### WORK REQUIRED
Only one stretch of the listing below is wanted. Begin at the line that has "We consider the", stop after the line that has "Purple Wave is", and repeat every line in between exactly.

### EXTRACTED ENTRIES
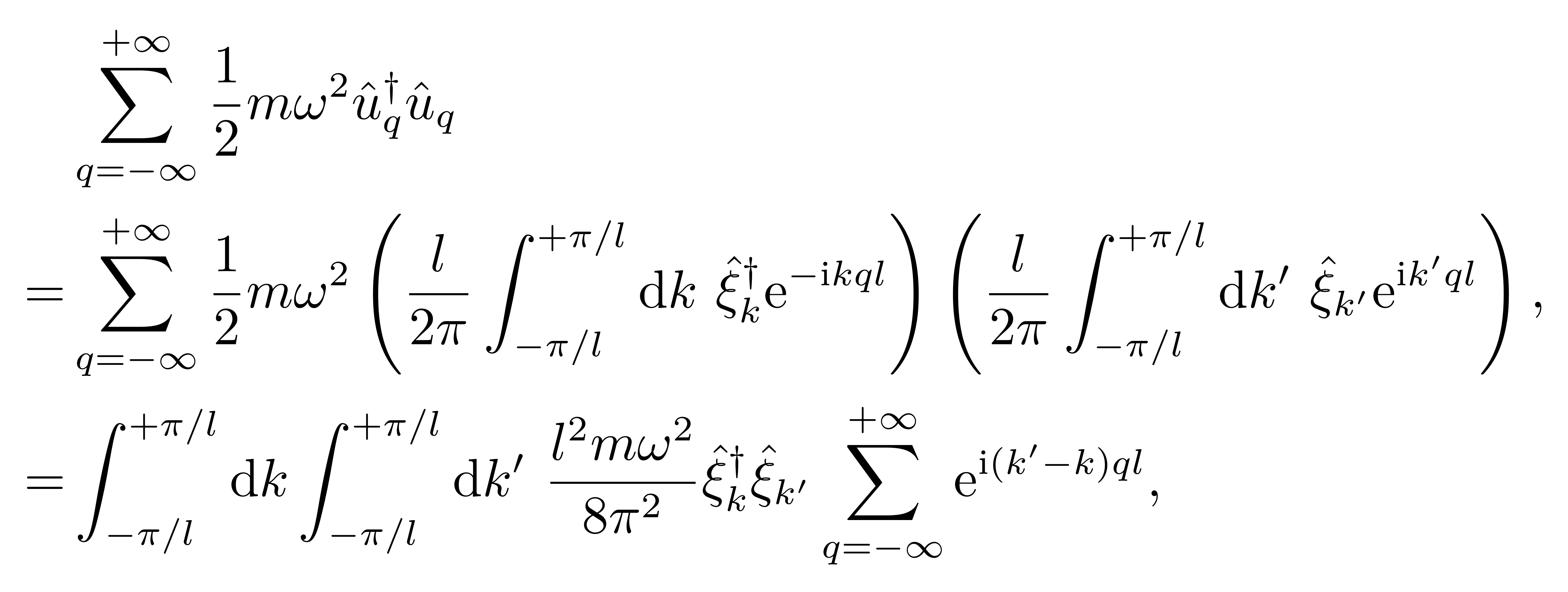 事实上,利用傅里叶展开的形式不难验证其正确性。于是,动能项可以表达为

* * *

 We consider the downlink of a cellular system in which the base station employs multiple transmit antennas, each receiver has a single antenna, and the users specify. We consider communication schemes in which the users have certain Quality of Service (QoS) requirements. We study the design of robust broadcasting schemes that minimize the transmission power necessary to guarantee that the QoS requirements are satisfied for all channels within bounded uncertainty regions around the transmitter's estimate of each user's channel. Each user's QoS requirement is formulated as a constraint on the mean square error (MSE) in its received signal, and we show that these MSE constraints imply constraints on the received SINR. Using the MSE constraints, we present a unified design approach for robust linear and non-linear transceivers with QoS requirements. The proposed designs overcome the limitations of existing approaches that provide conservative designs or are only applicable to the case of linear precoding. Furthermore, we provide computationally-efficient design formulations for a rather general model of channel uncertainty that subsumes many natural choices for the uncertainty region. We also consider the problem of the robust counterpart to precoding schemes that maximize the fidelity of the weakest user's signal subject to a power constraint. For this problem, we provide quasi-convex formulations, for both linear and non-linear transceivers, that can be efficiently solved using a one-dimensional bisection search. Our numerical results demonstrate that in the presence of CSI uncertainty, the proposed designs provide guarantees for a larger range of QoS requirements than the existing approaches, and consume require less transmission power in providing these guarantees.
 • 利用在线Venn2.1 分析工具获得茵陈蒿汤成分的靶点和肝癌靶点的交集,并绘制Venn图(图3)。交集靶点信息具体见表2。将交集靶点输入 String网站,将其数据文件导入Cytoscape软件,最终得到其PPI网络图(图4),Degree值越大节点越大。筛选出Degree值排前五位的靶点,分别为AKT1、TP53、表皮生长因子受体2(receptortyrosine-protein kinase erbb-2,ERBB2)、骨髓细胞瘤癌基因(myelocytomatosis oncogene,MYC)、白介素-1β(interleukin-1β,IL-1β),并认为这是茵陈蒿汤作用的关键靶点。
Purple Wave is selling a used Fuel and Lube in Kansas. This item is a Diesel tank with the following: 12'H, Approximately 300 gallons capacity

### SOLVED PROBLEM
 We consider the downlink of a cellular system in which the base station employs multiple transmit antennas, each receiver has a single antenna, and the users specify. We consider communication schemes in which the users have certain Quality of Service (QoS) requirements. We study the design of robust broadcasting schemes that minimize the transmission power necessary to guarantee that the QoS requirements are satisfied for all channels within bounded uncertainty regions around the transmitter's estimate of each user's channel. Each user's QoS requirement is formulated as a constraint on the mean square error (MSE) in its received signal, and we show that these MSE constraints imply constraints on the received SINR. Using the MSE constraints, we present a unified design approach for robust linear and non-linear transceivers with QoS requirements. The proposed designs overcome the limitations of existing approaches that provide conservative designs or are only applicable to the case of linear precoding. Furthermore, we provide computationally-efficient design formulations for a rather general model of channel uncertainty that subsumes many natural choices for the uncertainty region. We also consider the problem of the robust counterpart to precoding schemes that maximize the fidelity of the weakest user's signal subject to a power constraint. For this problem, we provide quasi-convex formulations, for both linear and non-linear transceivers, that can be efficiently solved using a one-dimensional bisection search. Our numerical results demonstrate that in the presence of CSI uncertainty, the proposed designs provide guarantees for a larger range of QoS requirements than the existing approaches, and consume require less transmission power in providing these guarantees.
 • 利用在线Venn2.1 分析工具获得茵陈蒿汤成分的靶点和肝癌靶点的交集,并绘制Venn图(图3)。交集靶点信息具体见表2。将交集靶点输入 String网站,将其数据文件导入Cytoscape软件,最终得到其PPI网络图(图4),Degree值越大节点越大。筛选出Degree值排前五位的靶点,分别为AKT1、TP53、表皮生长因子受体2(receptortyrosine-protein kinase erbb-2,ERBB2)、骨髓细胞瘤癌基因(myelocytomatosis oncogene,MYC)、白介素-1β(interleukin-1β,IL-1β),并认为这是茵陈蒿汤作用的关键靶点。
Purple Wave is selling a used Fuel and Lube in Kansas. This item is a Diesel tank with the following: 12'H, Approximately 300 gallons capacity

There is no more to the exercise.